The findings of the present study support researches that mentioned the negative relation between depression and forgiveness. Our study conducted in Saudi Arabia which most of people are Muslims and try to obey Quran's orders. Emphasizing on forgiving each other in Quran and other Muslim's resources persist them in it. Comparing the forgiveness Mean in different cultures can help us to make newer interventions for forgiveness therapy
 
Follow up
After finishing treatment and tow month later, Amal has slowly developed a desire for respect, enhanced communication and a tendency for forgiving her parents and overcome the past experiences, therefore, she needed her parents to do the same too because she treated them with disrespect as a defense mechanism for their past abuse towards her. After the therapy ended, she faced some troubles with her parents because they also needed to change them selves in order for the therapy to succeed. With the help of the therapist, they were told that they should abandon all kinds of aggression toward their children in the future and that the element of respect is a must component within the family daily life along with safe environment. At the beginning they refused to meet the therapist and they disagreed with her, but later on they approved the therapy.
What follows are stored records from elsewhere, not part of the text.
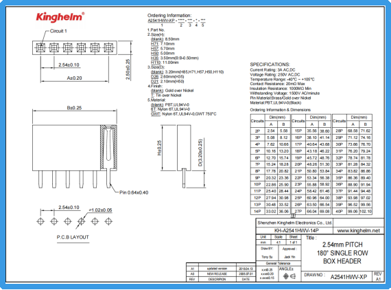 Kinghelm金航标KH-A2541HWV-14P规格书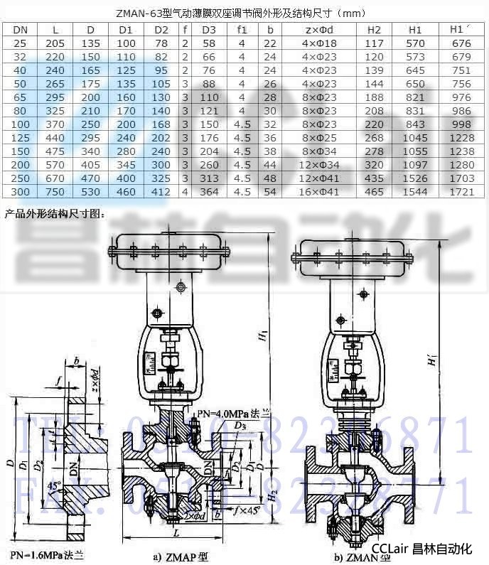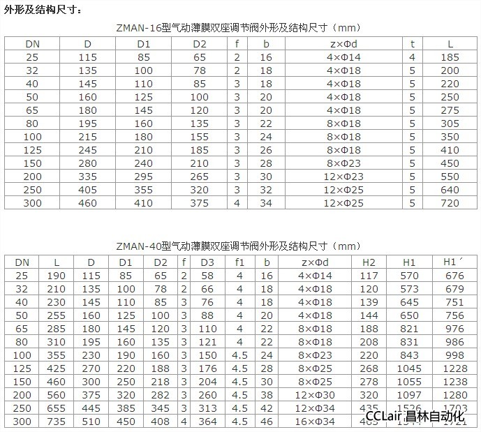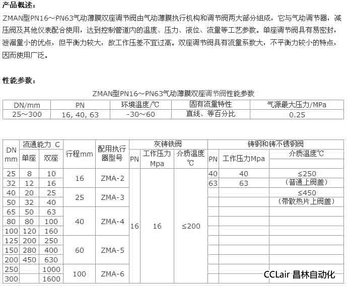詳細信息 ZMAN-16,ZMAN-40,ZMAN-64,氣動薄膜雙座調(diào)節(jié)閥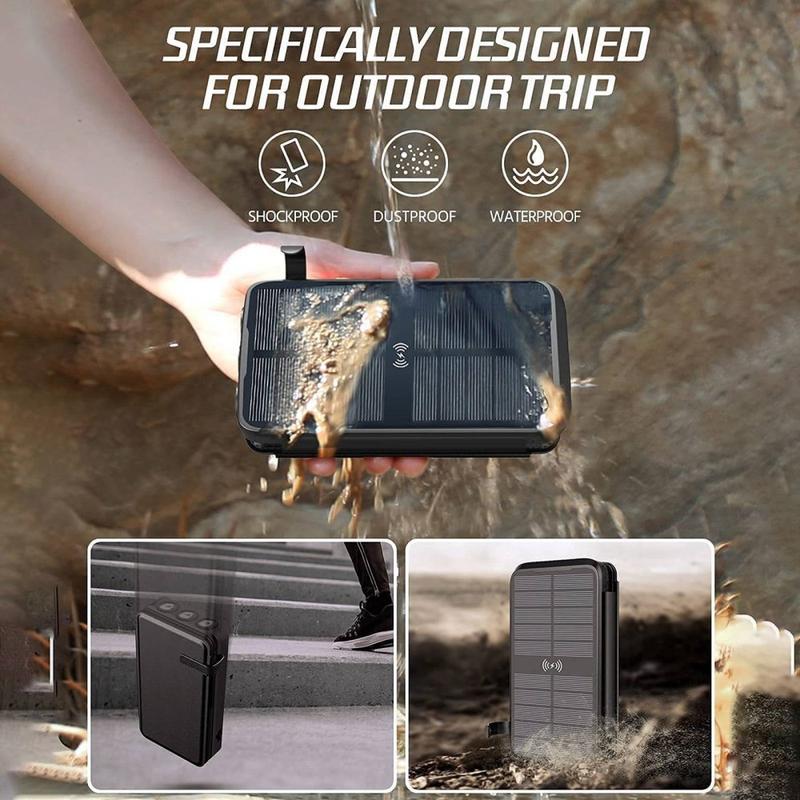 Driv dina äventyr - och din smartphone - direkt från solen med SY-L3S4W vikbar powerbank med solpanel. Fyra högeffektiva monokristallina paneler levererar upp till 8 W solkraft och laddar det integrerade litiumbatteriet på 16 000 mAh medan du vandrar, campar eller pendlar. När hastigheten är viktig kan du ansluta till PD 20W USB-C-porten eller använda 10 W Qi-dynan för kabelfri laddning. Inbyggda Lightning-, USB-C- och USB-A-sladdar gör att du slipper trassliga sladdar, och det robusta ABS-höljet är stöt-, damm- och IP-klassat vattentätt - redo för allt från regn i Alperna till sand på stranden. En ljusstark LED-ficklampa med SOS-stroboskop gör powerbanken till en nödsignal efter mörkrets inbrott.
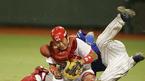22일 광주구장에서 벌어진 기아 타이거즈와 삼성 라이온즈의 경기 삼성의 2회초 1사 2,3루서 박석민의 중견수 플라이때 태그업한 3루 주자 진갑용이 블로킹하는 기아 포수 송산에 정면으로 부딪치며 세이프되고 있다. 송산은 이

 Dealing with a case of child abuse which started at childhood and continued uncured till adulthood is very demanding because painful memories keep stressing the abused person consciously and subconsciously and no one can predict when bad feelings, depression and low self esteem could appear again even after the case have been improved significally. These negative feelings could raise again unexpectedly, after a crisis or a sudden deep shock or an embarrassing situation or even an attack from others towards her self. I think it could raise again every time she faces an un usual attack towards her self but due to the therapy she will try to enhance her communication, exercise her mental stability, practice self respect, attain personal demands, and sustain for her self good relations with others based on respect for all sides including her own.  She will be able gradually to get her self better reactions towards stressors of life because she started already doing so. The course of treatment included relaxation endeavors which contained within it lots of positive massages directed to the subconscious in contempt to deepen the therapy.